» **ASSIGNMENT**:
Restate the listing below word for word, pictures excluded.

» **DATA SEGMENT**:
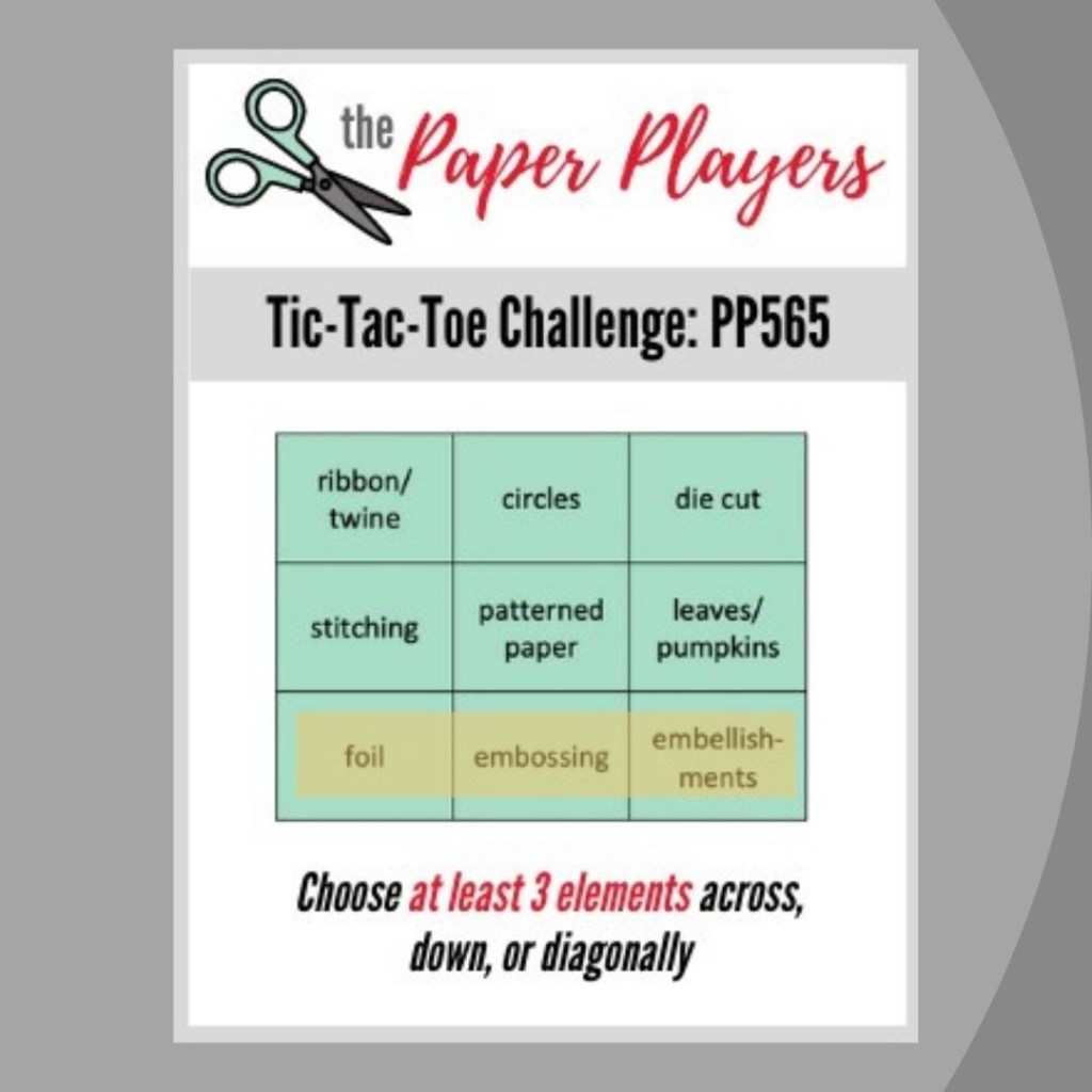 Great way to play with both of these tic-tac-toe grids, Jolanda! Your embossed foil background is so pretty and it really makes your sentiment and pine cone stand out! Thanks for sharing this with us at the Paper Players and Tic Tac Toe this week!
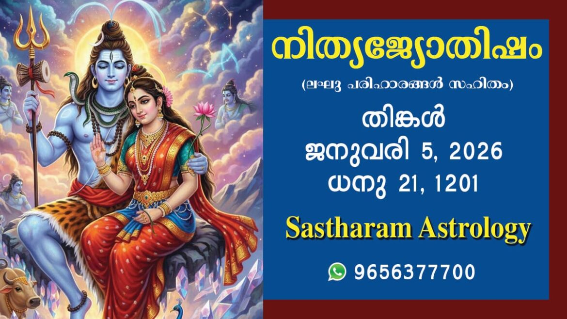 2026 ജനുവരി 05, തിങ്കൾ കലിദിനം 1872580 കൊല്ലവർഷം 1201 ധനു 21
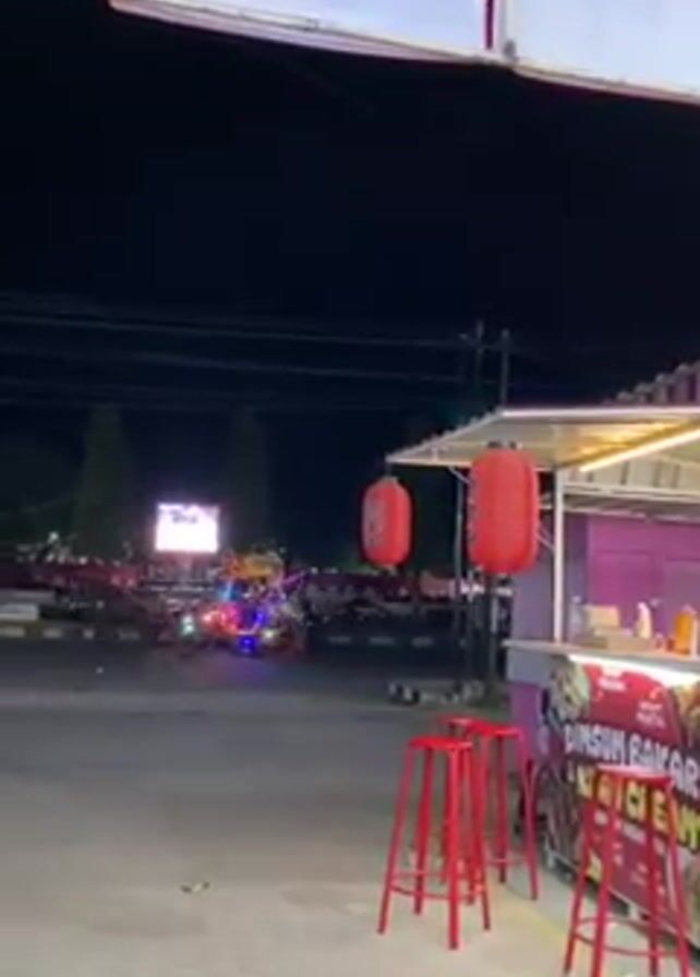 n outdoor nighttime scene with a food stall in the foreground. The stall, lit from within, sells "DIMSUM BAKAR" and "MACICI EOMWI," as visible on its signage. Two red Japanese-style lanterns hang from the stall’s awning. Three red stools are arranged near the stall. In the background, there is a road with a digital billboard. A horse-drawn carriage decorated with lights is seen moving on the road. A scooter also drives on the road. Trees are also visible in the background. The sky is dark.
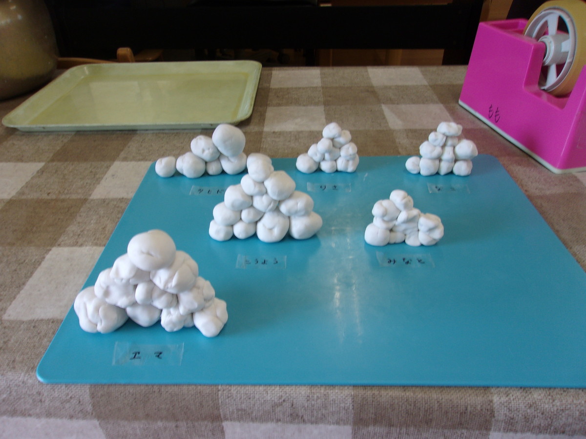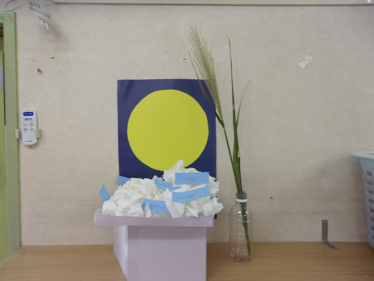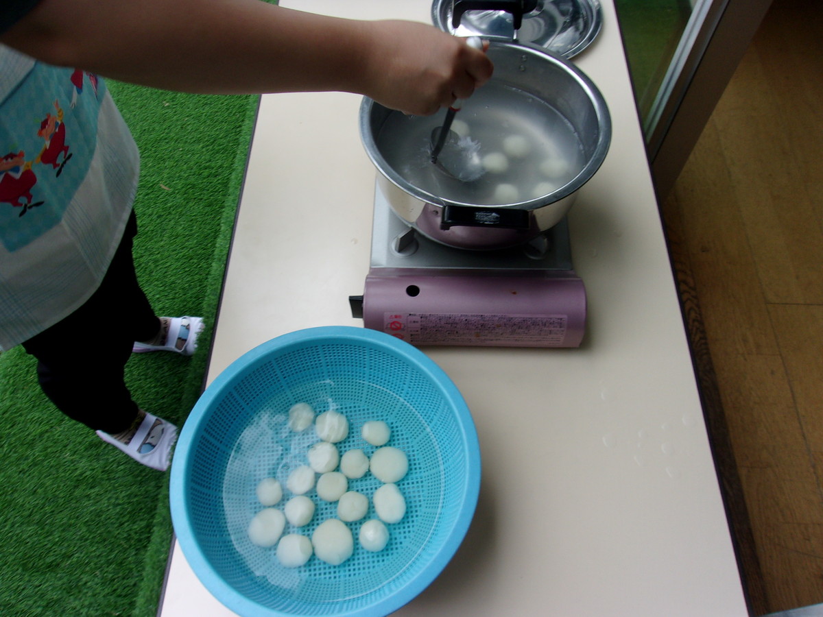 緑組はだんご粉を使い丸めて、茹でてお月見だんごを作りました。

» **ANSWER BOX**:
 Great way to play with both of these tic-tac-toe grids, Jolanda! Your embossed foil background is so pretty and it really makes your sentiment and pine cone stand out! Thanks for sharing this with us at the Paper Players and Tic Tac Toe this week!
 2026 ജനുവരി 05, തിങ്കൾ കലിദിനം 1872580 കൊല്ലവർഷം 1201 ധനു 21
 n outdoor nighttime scene with a food stall in the foreground. The stall, lit from within, sells "DIMSUM BAKAR" and "MACICI EOMWI," as visible on its signage. Two red Japanese-style lanterns hang from the stall’s awning. Three red stools are arranged near the stall. In the background, there is a road with a digital billboard. A horse-drawn carriage decorated with lights is seen moving on the road. A scooter also drives on the road. Trees are also visible in the background. The sky is dark.
 緑組はだんご粉を使い丸めて、茹でてお月見だんごを作りました。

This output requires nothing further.